At Fierro, N. Mex., deep-hole prospect drilling was used for a time, but the cost was higher than for diamond drilling and the information obtained was not as reliable. Holes up to 20 feet long continue to be used in stopes, raises, and drifts for exploration and sampling purposes, and the grade of the ore cut is estimated from the samples. The iron ore occurs as a replacement of limestone beds.
The long-hole drill has been used for underground prospecting in the Tri-State district for several years. The practice in this district has been described by Netzeband.
The zinc and lead minerals occur in zones of shearing, shattering, and brecciation in limestone beds, particularly where there has been considerable silicification of the original beds. Drilling is done wet, and the cuttings are diverted into a powder box by a spout. The experience in this district, according to Netzeband, has been that no great reliance can be placed on assays of the cuttings, though this may be due in part to the lack of close supervision of the sampling by competent observers.
At Gilman, Colo., drill cuttings from each 6 feet of hole are caught in a powder box, from which a sample of the sludge is cut from top to bottom. The ore is of a grade that does not necessitate close sampling and is so friable that the sample is usually contaminated.
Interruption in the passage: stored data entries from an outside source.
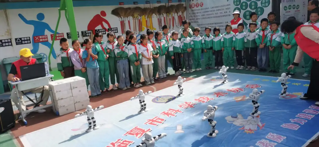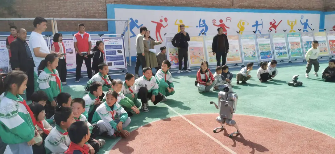 在拜家小学,400 余名师生齐聚操场,迎接 “科普大篷车” 的到来。活动伊始,无人机编队在空中灵活穿梭,时而变换队形,时而完成俯冲、旋转等高难度动作,引得学生们欢呼连连。机器狗在工作人员的操控下走步、跳跃、握手,憨态可掬的模样让孩子们忍不住上前互动。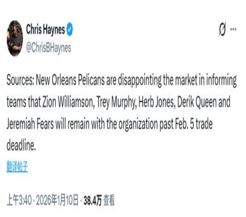 北京時間1月10日,據(jù)名記Haynes報道,新奧爾良鵜鶘隊已向聯(lián)盟其他球隊明確表示,在2月6日交易截止日(北京時間)前,無意交易錫安-威廉姆森、特雷-墨菲、赫伯特-瓊斯、德里克-奎因和耶利米-費爾斯。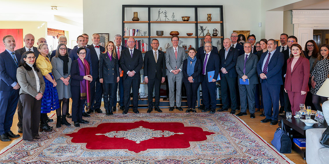 Partiden yapılan açıklamaya göre, CHP Genel Başkanı Özgür Özel, Ankara’da AB Türkiye Delegasyonu Başkanı Nikolaus Meyer Landrut ev sahipliğinde AB’ye üye ülkelerin büyükelçileri ile öğle yemeğinde bir araya geldi.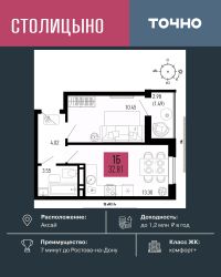 Литер 3.2, 15 этаж, 109. Микрорайон ''Придонье'' - прекрасная возможность жить в спокойном, зеленом и комфортном месте, всего в 7 минутах езды от Ростова-на-Дону. Небольшой и уютный Аксай создан именно для того, чтобы остановиться, провести время с семьей и отдохнуть от столичного ритма, при этом все возможности мегаполиса остаются под рукой. Квартира находится в современном микрорайоне с развитой инфраструктурой. Идеальный вариант для тех, кто ищет гармонию между тишиной, пространством для жизни и близостью к большому городу. Звоните для всех деталей и просмотра.Вся необходимая инфраструктура в пешей доступностиПродуманное содержаниеПросторные дворыБезбарьерная средаВсе для детей всех возрастовШкола на 1 810 местДва детских сада, общая вместимость 770 местДве ПоликлиникиПожарное депо на 6 машинОпорный пункт полицииСтанция скорой помощи на 2 бригадыБульварЛетний кинотеатрЗона для настольных игрТропа здоровьяВело-беговая дорожкаВоркаут зоны для взрослых и детейЗоны отдыха и релаксаТихие зоны с качелями и навесамиПлощадки для выгула собак + лапомойкиПодземный и наземный паркингЗарядные станции для электромобилейВидеонаблюдениеУмная система контроля посетителейСовременные умные домофоныПриобрести квартиру можно одним из способов:-субсидированная семейная ипотека от 3,5 % на весьсрок-рассрочка-оплата наличными-дистанционная покупкаПозвоните сейчас и забронируйте квартиру соскидкой!

A composite assay of the sludge from an entire hole is regarded as accurate enough, however, to be used in ore-reserve calculations.
At Edwards, N. Y., prospect drilling with hammer machines is a regular feature of routine exploration work. Here, zinc ore occurs as a sulfide replacement of silicified, folded dolomite beds. The sludge from the holes is assayed, but, since the ore minerals are very brittle, the samples are salted and generally assay about 25 percent too high.
In general, it may be said that where the ore minerals are not friable and have about the same toughness and hardness as the gangue or are disseminated in small particles uniformly through the matrix, hammer-drill samples may be accurate if precautions are taken to catch and settle all the sludge. If the ore minerals are brittle, occur in layers or bands, and are of very different hardness than that of the gangue, assay results will be high, due to salting. In such cases, an inch of rich ore cutting across the hole may salt several feet of sample or even the whole sample beyond the rich section. Even in such instances, however, samples may be valuable as indicative of mineralized formation if conditions are understood and too much reliance is not placed on the assay returns.